• **PROBLEM TO SOLVE**
Write out, without any change, the lines in the material below that run from the line with "Söndag 26 oktober" through the line with "觀眾進場時須掃安心出行,令排隊時間大增。(鍾式明攝)", both included.

• **RECORDS FOR THIS EXERCISE**

......

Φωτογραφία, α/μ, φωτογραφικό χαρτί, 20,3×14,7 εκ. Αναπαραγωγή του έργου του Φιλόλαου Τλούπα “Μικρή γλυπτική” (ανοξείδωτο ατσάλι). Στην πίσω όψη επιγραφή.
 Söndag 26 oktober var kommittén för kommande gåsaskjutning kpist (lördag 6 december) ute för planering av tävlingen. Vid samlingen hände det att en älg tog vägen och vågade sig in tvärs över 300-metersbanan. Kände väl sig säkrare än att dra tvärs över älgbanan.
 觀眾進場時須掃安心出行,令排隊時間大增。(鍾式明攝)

......

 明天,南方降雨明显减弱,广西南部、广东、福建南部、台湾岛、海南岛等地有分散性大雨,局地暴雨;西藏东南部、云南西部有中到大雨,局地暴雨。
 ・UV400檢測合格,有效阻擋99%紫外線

......

• **COMPLETED TASK**
 Söndag 26 oktober var kommittén för kommande gåsaskjutning kpist (lördag 6 december) ute för planering av tävlingen. Vid samlingen hände det att en älg tog vägen och vågade sig in tvärs över 300-metersbanan. Kände väl sig säkrare än att dra tvärs över älgbanan.
 觀眾進場時須掃安心出行,令排隊時間大增。(鍾式明攝)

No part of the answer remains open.